Мне захотелось поговорить с Фабием Моисеевичем с глазу на глаз: если кто и знает про завещание – так это он. И я решила дождаться удобного случая, чтобы прижать любвеобильного старика к теплой стеночке и ласково-ласково, осторожно-осторожно, чтобы невзначай не просыпать труху, вытрясти из него полезную информацию.
– Елизовета Ка'гловна, вы п'гекгасно выглядите. Этот цвет, голубушка, вам оп'геделенно к лицу.
Оп'геделенно.
– Ах Фаба... Если бы ты знал, как мне трудно, – заговорила тетя, заламывая руки, на которых позвякивали тонкие золотые браслеты, – У молодых короткая память и стальные нервы, а я... а я... – у нее опять покраснели глаза. Тетя полезла за платком.
– Знаю, душечка, – он легко похлопал тетушку по руке, – Нам, ста'гикам, не хватает Ген'ги, его смелости, его п'гинципиальности и обаяния. Но ему бы не пон'гавилось, если бы он увидел нас `гыдающими. Не таков он был, наш Ген'ги. И нам надо де'гжаться изо всех сил. Да, – Фаба изъяснялся многословно и витиевато, захлебываясь рычащими звуками и гнусавя, но слушать его отчего-то было приятно.

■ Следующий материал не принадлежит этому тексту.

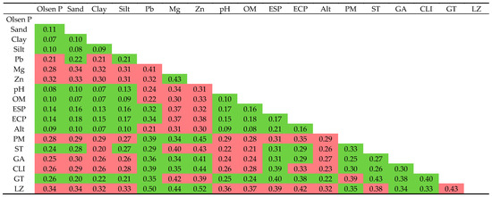 Based on the findings from previous studies and considering the availability and accessibility of relevant data, a total of 18 factors were selected as potential determinants of the ecological risks associated with the total cadmium (Cd) content in avocado plantation soils in Peru. The evaluated soil properties included the soil type, particle size distribution (percentages of sand, silt, and clay), pH, organic matter content, available phosphorus (p), exchangeable sodium percentage (ESP), exchangeable calcium percentage (ECP), exchangeable potassium percentage (EPP), exchangeable magnesium percentage (EMP), and the total concentrations of lead (Pb), magnesium (Mg), and zinc (Zn).
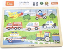 Este rompecabezas de madera con imágenes de medios de transporte es una gran elección para un primer puzzle “más grande”. Gracias a sus 24 piezas, el montaje supone el desafío justo: fomenta la concentración y la satisfacción de completar una imagen de aproximadamente 27,5 × 20 cm. Las ilustraciones coloridas de vehículos (ambulancia, camión de bomberos, coche de policía, barco, avión, etc.) motivan a los niños de forma natural a jugar una y otra vez.
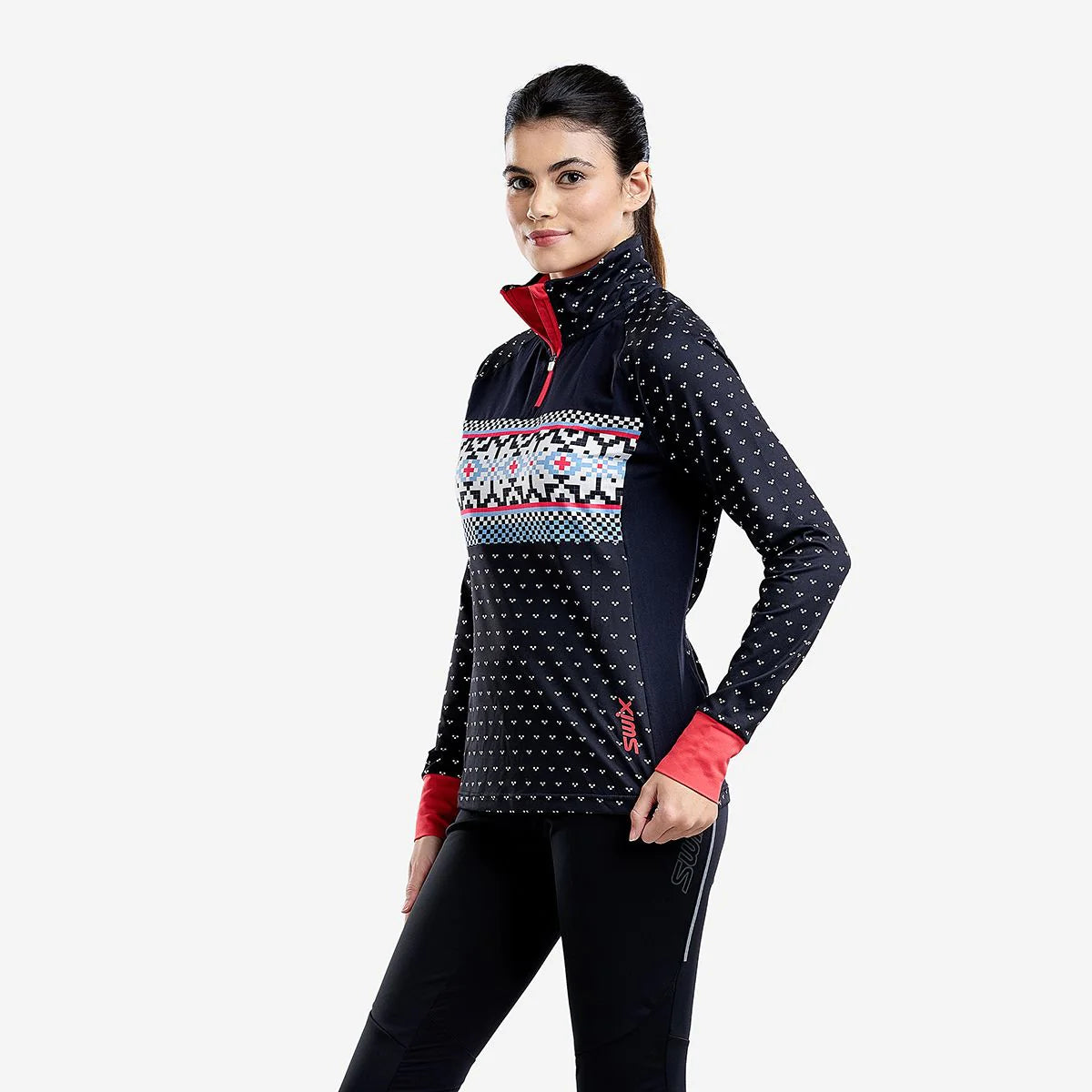 The long sleeve shirt for women Swix tasta with half-zip will simplify your daily choice of training outfit! With a nice Nordic print, UV protection and moisture evacuation capacities, the Tista long -sleeved top will follow you from fall to spring and make your training days a child's play!Wear it alone during a hot and sunny day for your cross-country ski training or for a comfortable after-ski break or make your favorite intermediate layer during the coldest winter days. The fabric of this 1/4 zip innovative multisport garment is designed with a new technical fiber based on active carbon derived from coconut shells. This reborn thread acts as a natural catalyst improving the resistance of the fabric to humidity, control of odors and UV protection. The flat seams of the Tasta ensure a comfortable adjustment. Thanks to its fast drying properties and its easy maintenance fabric, you will not hesitate to store it in your bag like the best training and travel companion.

Нюся подала чай. Взметнув шелковым крылом, тетушка взяла тонкую фарфоровую чашку, пододвинула к себе колоду карт и принялась сбоку раскладывать пасьянс. Грета застыла над своей пиалой каменным изваянием Будды. Макс ерзал на стуле, украдкой смотрел на часы и хмурился. Я потягивала кофе – густой, со слабым чесночным ароматом, какой умела варить только Нюся. Рассыпаясь в благодарностях, Фаба отказался от чая, но сдобную булочку с корицей, еще горячую, пышущую жаром духовки, сцапал и сунул прямо в карман пиджака. Ого, да он йог! Может, и на углях станцует?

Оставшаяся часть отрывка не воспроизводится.